JurnalPatroliNews – Beirut – Lebanon mendesak Amerika Serikat dan Prancis untuk menekan Israel agar mematuhi gencatan senjata, setelah terjadi serangkaian operasi militer di wilayah Lebanon yang dianggap sebagai pelanggaran oleh Beirut. Pernyataan ini disampaikan oleh dua sumber politik senior Lebanon, dikutip dari Kantor Berita Reuters pada, Selasa (3/12/2024).
Dilaporkan pasca serangan mematikan oleh Israel di Lebanon selatan dan balasan roket dari Hezbollah ke pos militer Israel pada Senin telah mengancam stabilitas gencatan senjata yang dimediasi oleh AS. Kondisi ini menciptakan situasi yang semakin rapuh, meskipun gencatan senjata baru mulai berlaku kurang dari sepekan sebelumnya.
Perdana Menteri sementara Lebanon, Najib Mikati, bersama Ketua Parlemen Nabih Berri, yang mewakili Lebanon dalam negosiasi, berbicara dengan pejabat Gedung Putih dan pemerintah Prancis pada Senin malam. Mereka menyampaikan kekhawatiran mendalam mengenai pelanggaran terhadap gencatan senjata.
Pihak Prancis belum memberikan tanggapan resmi terkait hal ini. Namun, Menteri Luar Negeri Prancis, Jean-Noel Barrot, dalam diskusinya dengan Menteri Luar Negeri Israel, Gideon Saar, pada Senin, menekankan pentingnya kedua pihak untuk tetap mematuhi kesepakatan.

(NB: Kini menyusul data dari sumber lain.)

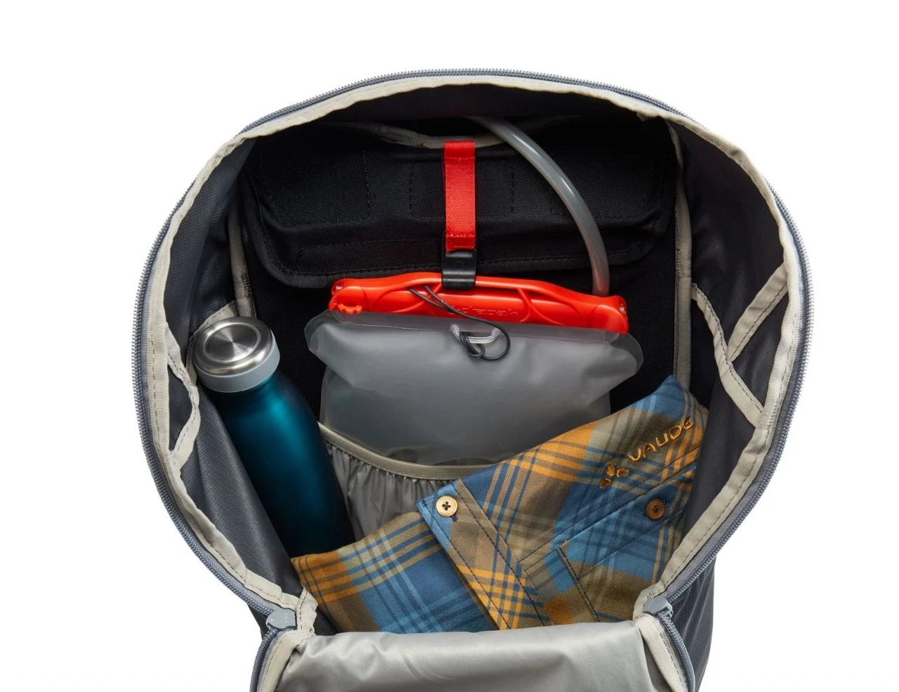 Material: Hauptstoff: 100% Polyamid; 210 D HT Maxi Ripstop Polyurethane coated; Second fabric – Außenseite: 100% Polyester (davon 50% recycelt); ; Beschichtung: 100% Polyurethan; 600 D Polyurethane coated 50% recycled; Futter: 100% Polyamid; 200 D Polyurethane coated; Regenhülle: 100% Polyamid; 190 T Polyurethane coated.

Sementara itu, juru bicara Departemen Luar Negeri AS, Matt Miller, mengonfirmasi bahwa gencatan senjata “masih bertahan,” meski AS sudah memperkirakan adanya potensi pelanggaran.
Gencatan senjata ini, yang mulai berlaku pada 27 November, melarang Israel melakukan operasi militer ofensif di Lebanon dan mewajibkan Lebanon mencegah serangan dari kelompok bersenjata, termasuk Hezbollah. Kesepakatan tersebut juga memberi Israel waktu 60 hari untuk menarik pasukannya dari wilayah Lebanon selatan.
Meski begitu, mekanisme pemantauan yang dipimpin AS untuk mengawasi pelaksanaan gencatan senjata ini belum resmi beroperasi. Berri mendesak mekanisme tersebut segera aktif, mengingat sudah tercatat setidaknya 54 pelanggaran oleh Israel.
Pada Senin, Mikati bertemu dengan Jenderal Jasper Jeffers, yang akan memimpin komite pemantauan. Sementara itu, perwakilan Prancis, Jenderal Guillaume Ponchin, dijadwalkan tiba di Beirut pada Rabu untuk menghadiri pertemuan perdana komite pada Kamis.
Lebanon mencatat hari paling mematikan sejak gencatan senjata, dengan 12 korban tewas dalam serangan Israel di kota Hariss dan Taloussa, menurut Kementerian Kesehatan Lebanon.